共闘
密猟団―――いや、竜狩人たちとの唐突な共闘が始まる。
「ドレクさん!僕たちが前に出ます!」
「一番槍は竜狩人の誉れなんだが、そうも言ってられねぇか。オイ、お前ら、円陣組んで防御を固めろ!無理に前に出る必要はねぇ!ただし、警戒は緩めるな!後ろの洞窟もちゃんと見張っておけよ!」
ドレクさんの指示が飛び、竜狩人たちは後方に下がる。
そして、そんな彼らの前に並び立つ僕たち。
(ねぇ、ホントに背中を預けるつもりなの?)
(うん。
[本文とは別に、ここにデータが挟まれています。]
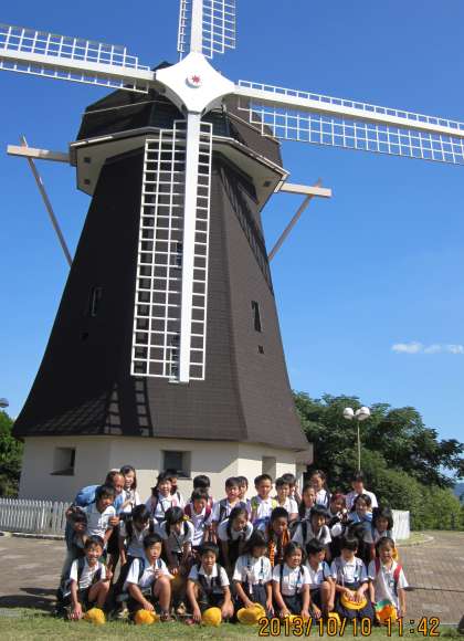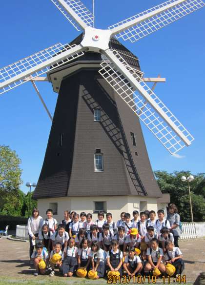 鶴見緑地「風車」の前で記念写真。

そのつもりだけど、何か問題ある?)
(いいえ、るーが信用できるというのならそれでいいわ。いくら落ちぶれたと言っても、誇り高き竜狩人を名乗っているくらいだし、後ろから矢を射るようなマネはしてこないでしょ)
(うん?サクヤは竜狩人の事、何か知っているの?)
(私もそこまで詳しくはないんだけど……『ガロンド竜公国』は名前のとおり竜と繋がりの深い国でね。竜を狩る狩人がずっと昔からいたのよ。それこそ冒険者ギルドが出来る前からね。だからこそ、いろいろと揉めているようなんだけど……要は地元に根付いた伝統産業を他所から来た大商人がお金の力で買い占めたって感じかしら。それで、時代の流れに取り残された人たちが、闇で商売を始めた、と……)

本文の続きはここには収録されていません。